(Supplied information begins)

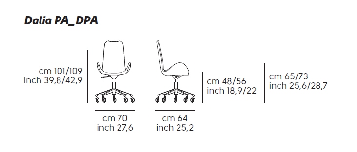 Nowoczesne włoskie krzesła biurowe DALIA PA_DPA_TS - marki MIDJ. Doskonałe do użytku prywatnego jak i do firmy. Krzesło z metalową podstawą, siedzisko tapicerowane w szerokiej gamie tkanin obiciowych, ekoskór i skór naturalnych. Krzesło posiada regulację wysokości.
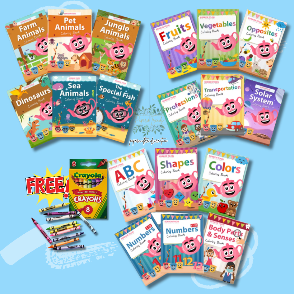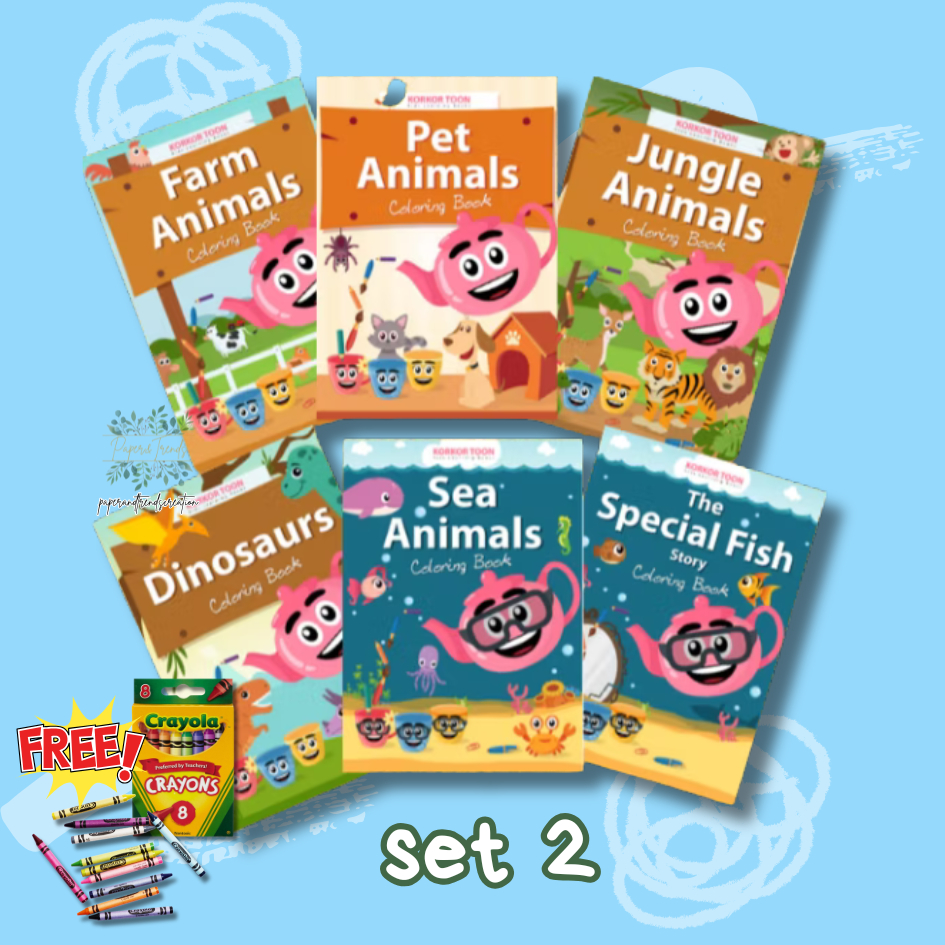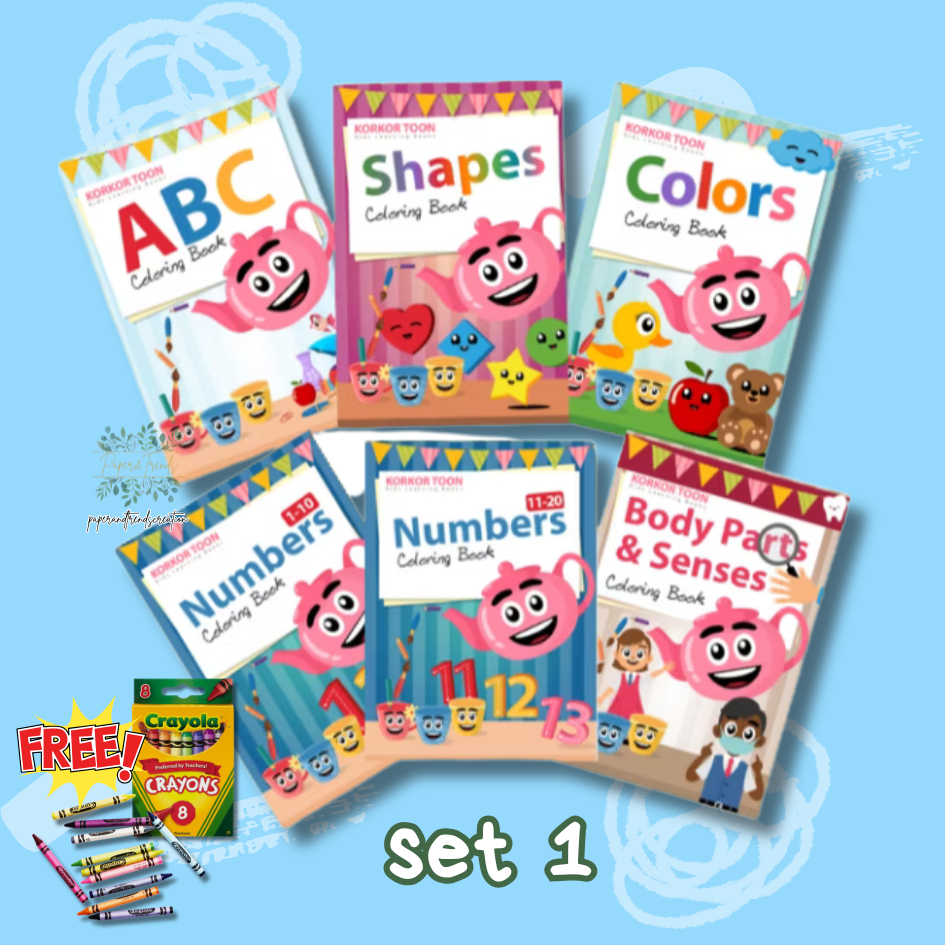 6pcs Kids Coloring Books | Alphabet Numbers Shapes Colors Animals | Preschool Workbook | FREE COLOR
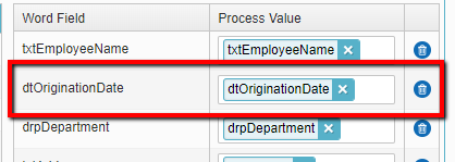 The Word field is mapped to the dtOriginationDate form field.
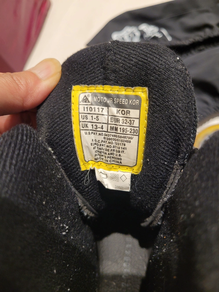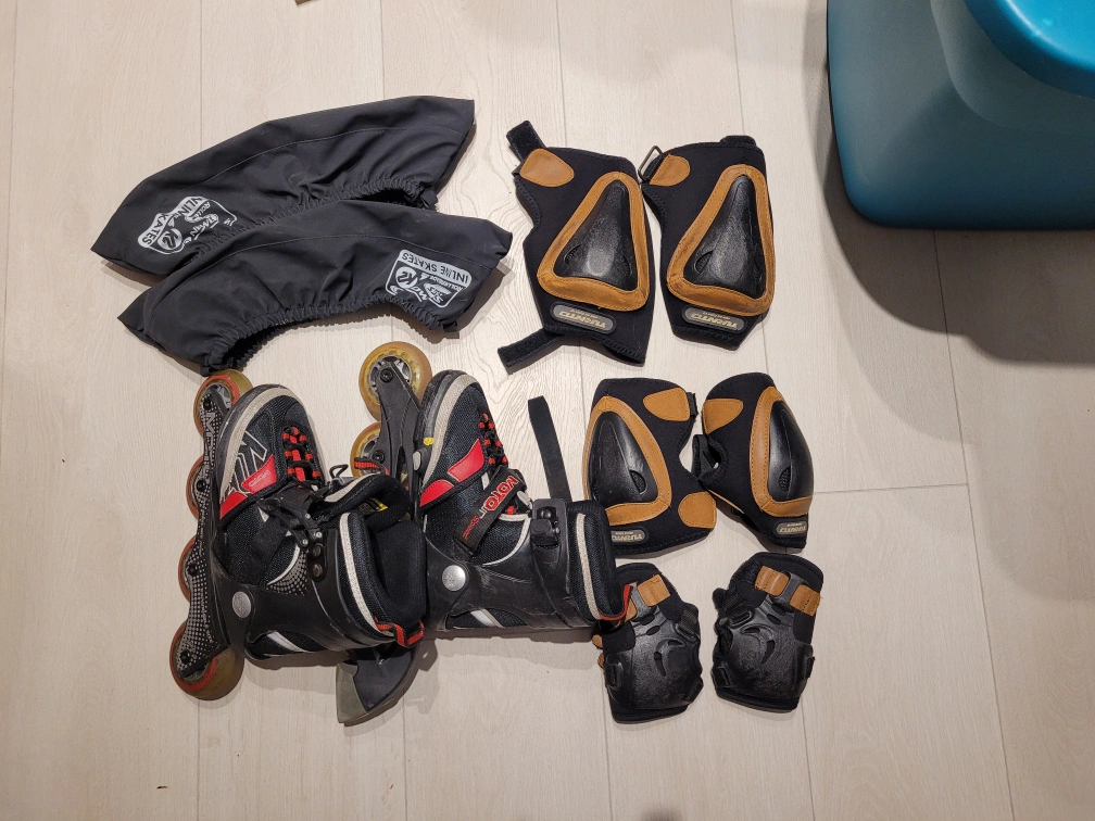 Selling a pair of ADJUSTIBLE K2 Moto JR Speed inline roller skates. They are black with red accents and come with protective gear. The size is US 1-5, EUR 32-37.
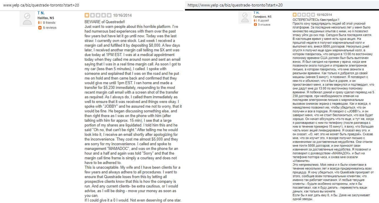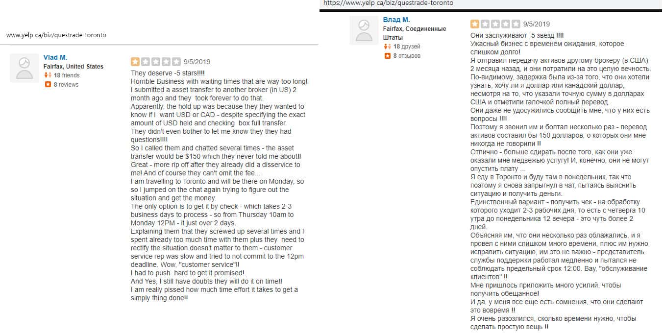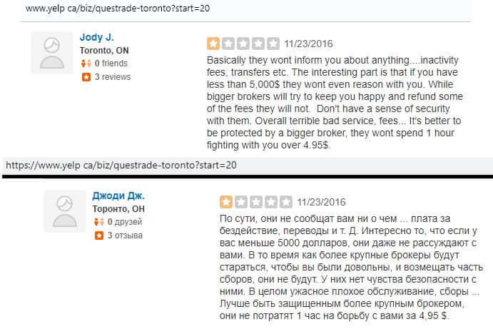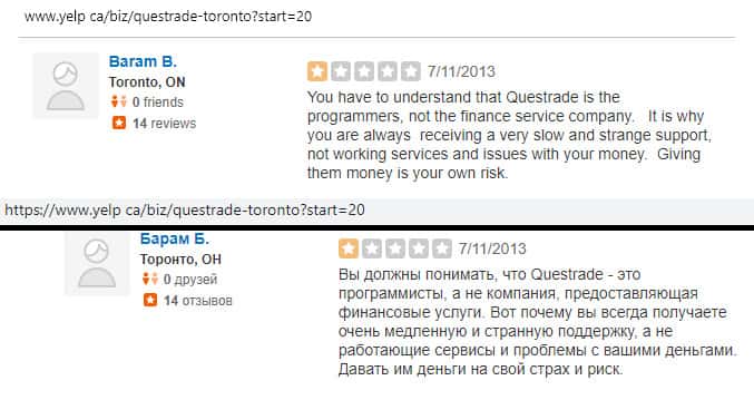 По словам автора отзыва, аферисты Questrade поступили очень нагло, так как за перевод средств из одного брокера на другой, они требовали еще вложить 150 долларов, якобы как компенсационная комиссия. Когда клиент отказался от этого обдиралова, жулье вообще перестало выходить на связь.

(Supplied information ends)

### [Instructions for the task]
Give back exactly the lines from the one with "The Word field" through the end of the records above, inclusive, and omit any pictures.

### [Answer to this task]
 The Word field is mapped to the dtOriginationDate form field.
 Selling a pair of ADJUSTIBLE K2 Moto JR Speed inline roller skates. They are black with red accents and come with protective gear. The size is US 1-5, EUR 32-37.
 По словам автора отзыва, аферисты Questrade поступили очень нагло, так как за перевод средств из одного брокера на другой, они требовали еще вложить 150 долларов, якобы как компенсационная комиссия. Когда клиент отказался от этого обдиралова, жулье вообще перестало выходить на связь.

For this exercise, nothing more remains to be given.